→ **Brief**
Nothing but the lines below from the one containing "The black text" through the one containing "Large Canvas Wall" should appear in the answer, exact and without pictures.

→ **Source data**
================================

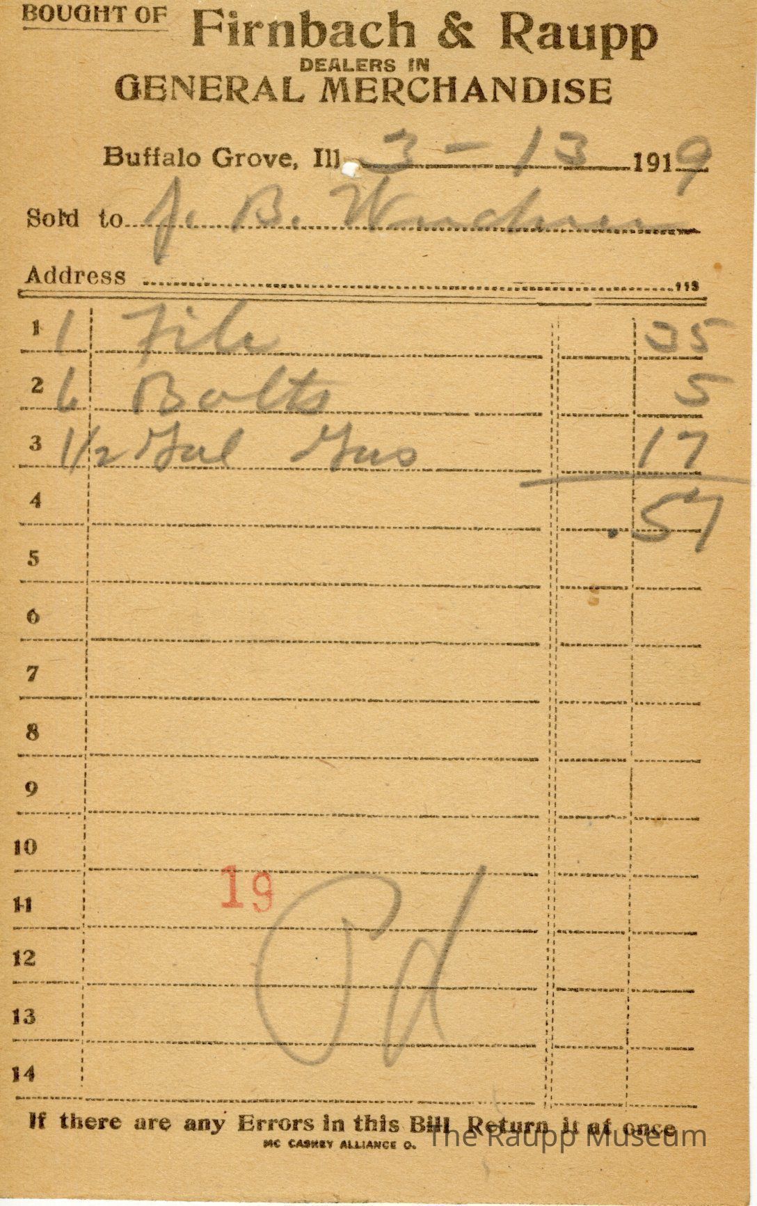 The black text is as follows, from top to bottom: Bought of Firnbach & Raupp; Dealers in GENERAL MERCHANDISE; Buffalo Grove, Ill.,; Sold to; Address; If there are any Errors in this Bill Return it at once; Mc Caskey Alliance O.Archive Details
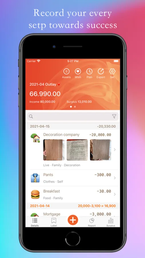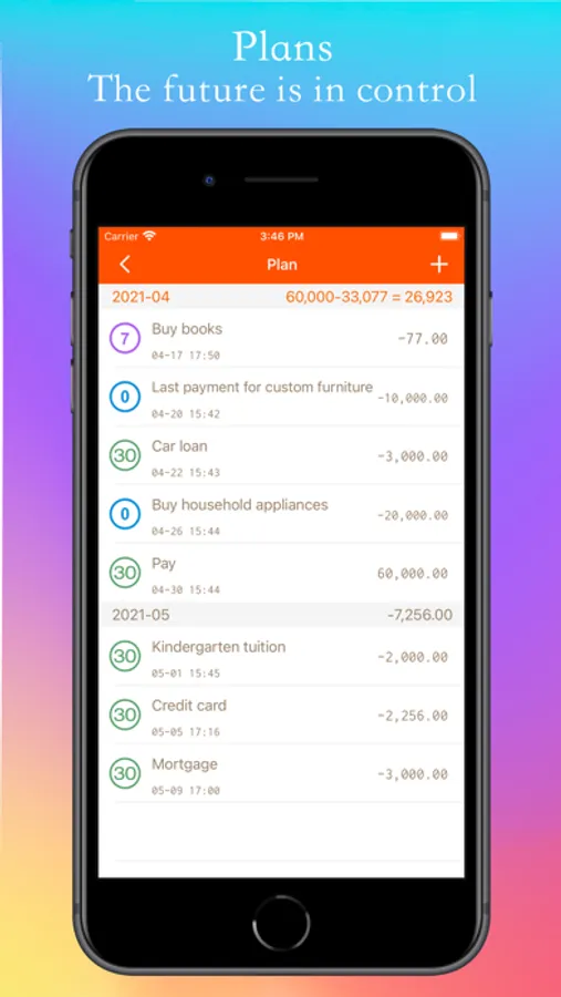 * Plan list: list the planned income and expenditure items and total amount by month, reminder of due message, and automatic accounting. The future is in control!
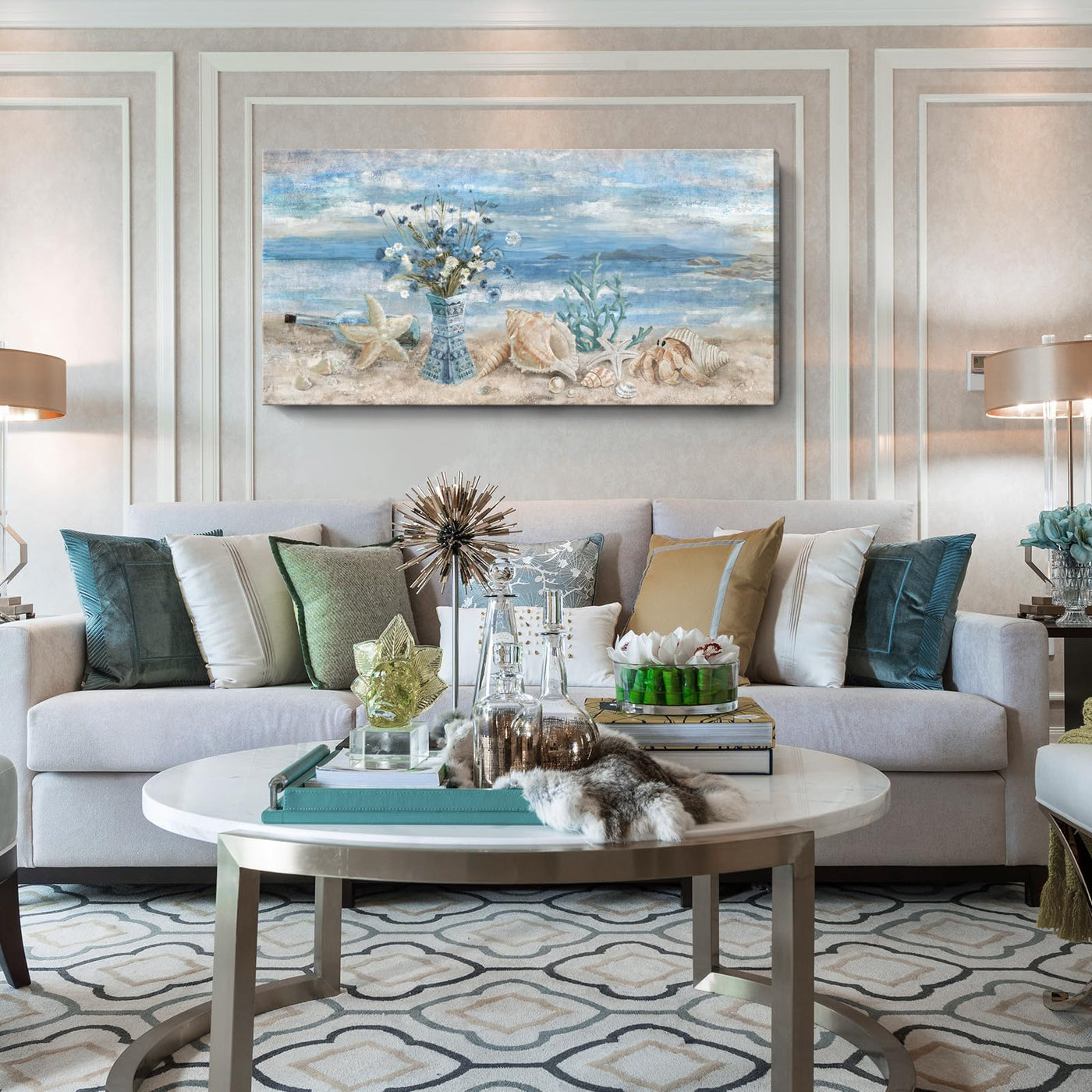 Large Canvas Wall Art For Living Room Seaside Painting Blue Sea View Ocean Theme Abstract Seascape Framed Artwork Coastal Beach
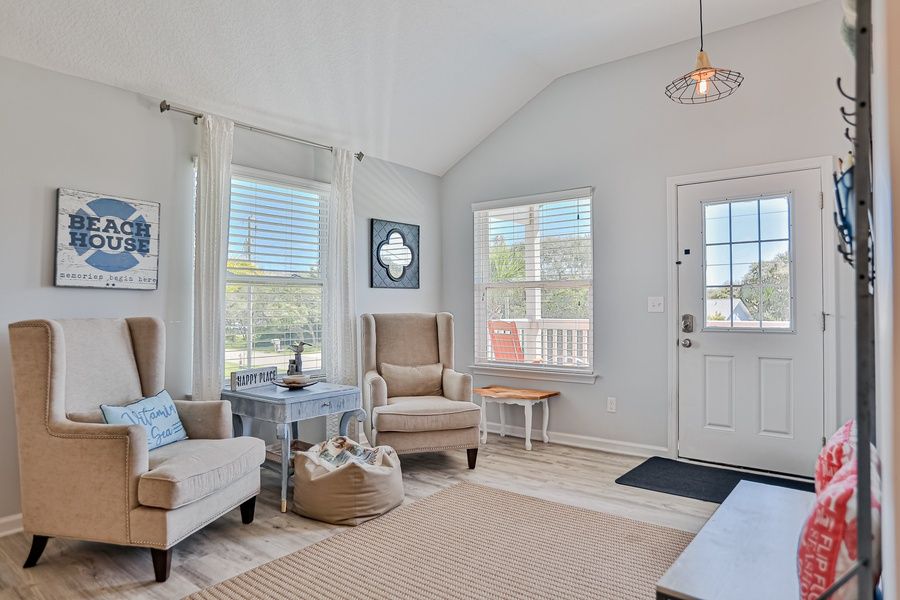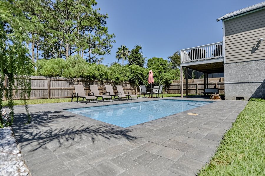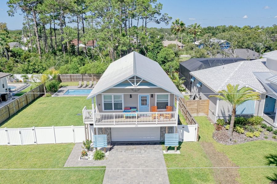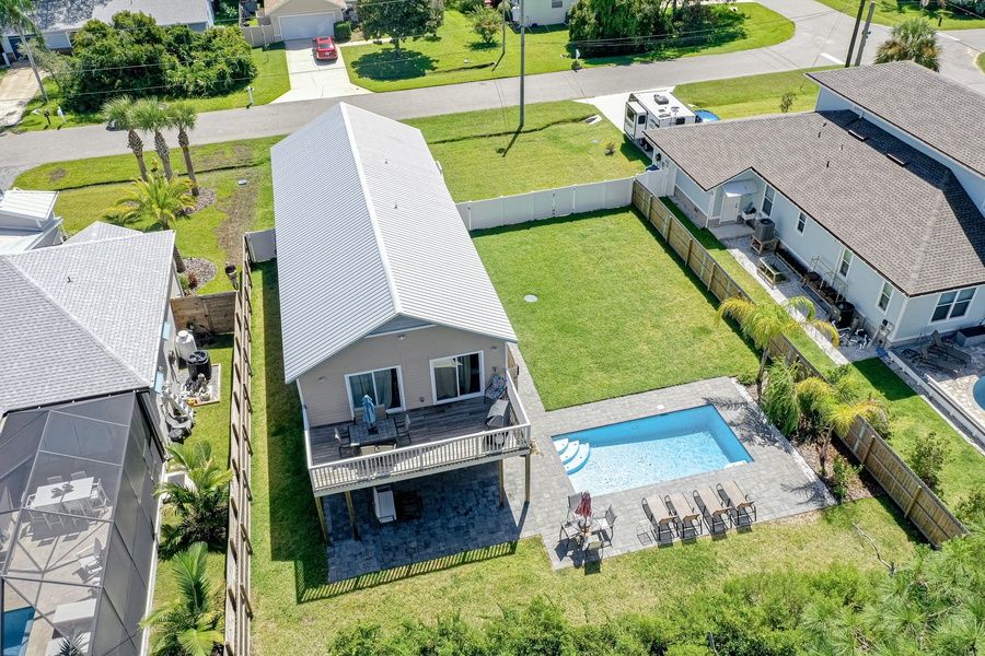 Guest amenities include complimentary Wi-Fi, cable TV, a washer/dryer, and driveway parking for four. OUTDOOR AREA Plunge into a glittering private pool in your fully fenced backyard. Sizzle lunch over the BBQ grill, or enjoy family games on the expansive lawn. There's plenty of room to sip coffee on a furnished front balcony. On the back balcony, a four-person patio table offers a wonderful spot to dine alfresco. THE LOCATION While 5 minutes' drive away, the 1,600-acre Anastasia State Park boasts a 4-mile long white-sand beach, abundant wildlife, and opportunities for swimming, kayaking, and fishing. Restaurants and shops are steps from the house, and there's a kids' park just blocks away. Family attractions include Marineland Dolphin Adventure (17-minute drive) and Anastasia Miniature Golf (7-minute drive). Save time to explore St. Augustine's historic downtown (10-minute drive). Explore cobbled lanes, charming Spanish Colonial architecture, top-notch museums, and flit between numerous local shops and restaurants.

================================

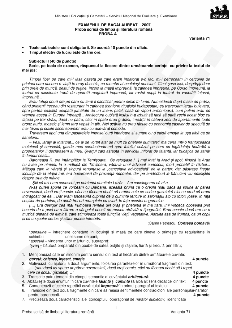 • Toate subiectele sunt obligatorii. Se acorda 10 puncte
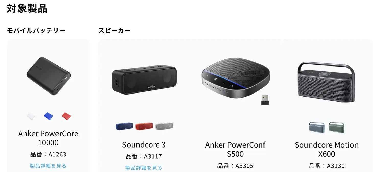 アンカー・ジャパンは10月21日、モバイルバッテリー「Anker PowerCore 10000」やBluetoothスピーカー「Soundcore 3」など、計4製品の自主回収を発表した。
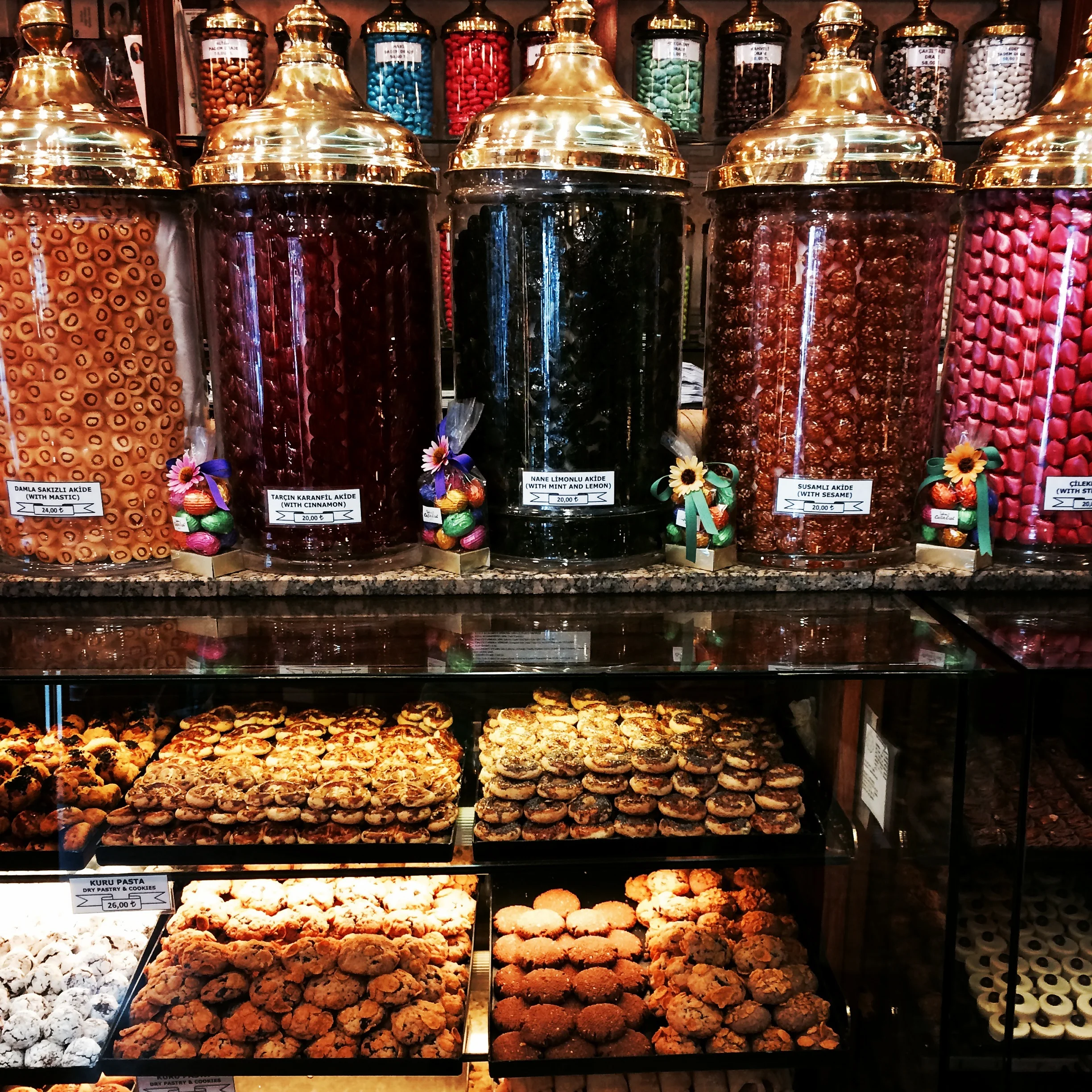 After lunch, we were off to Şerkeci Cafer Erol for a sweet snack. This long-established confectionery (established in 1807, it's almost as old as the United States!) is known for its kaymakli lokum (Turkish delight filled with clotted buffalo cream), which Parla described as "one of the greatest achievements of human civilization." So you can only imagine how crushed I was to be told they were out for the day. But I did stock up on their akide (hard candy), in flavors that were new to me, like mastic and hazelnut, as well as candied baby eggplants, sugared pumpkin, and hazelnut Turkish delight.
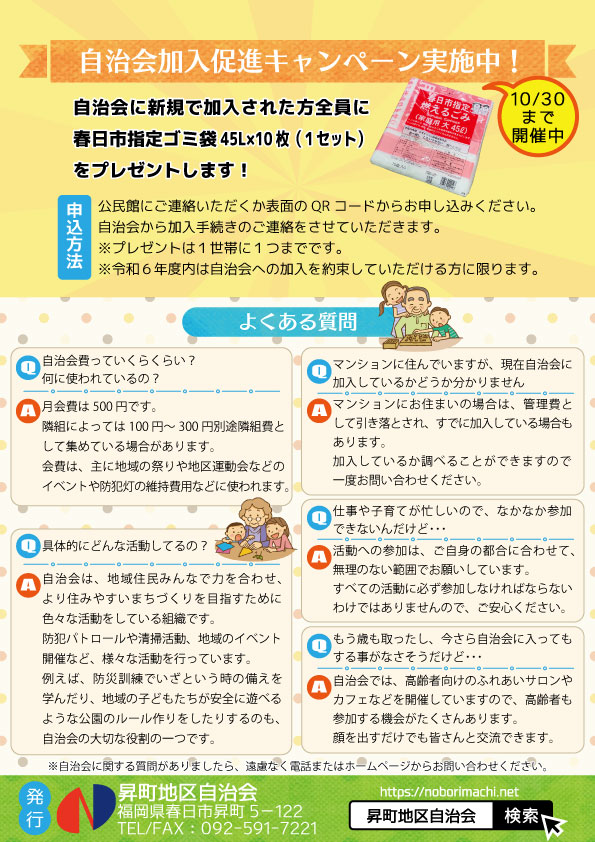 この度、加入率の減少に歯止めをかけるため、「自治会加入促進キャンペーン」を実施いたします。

================================

→ **Answer to the exercise**
 The black text is as follows, from top to bottom: Bought of Firnbach & Raupp; Dealers in GENERAL MERCHANDISE; Buffalo Grove, Ill.,; Sold to; Address; If there are any Errors in this Bill Return it at once; Mc Caskey Alliance O.Archive Details
 * Plan list: list the planned income and expenditure items and total amount by month, reminder of due message, and automatic accounting. The future is in control!
 Large Canvas Wall Art For Living Room Seaside Painting Blue Sea View Ocean Theme Abstract Seascape Framed Artwork Coastal Beach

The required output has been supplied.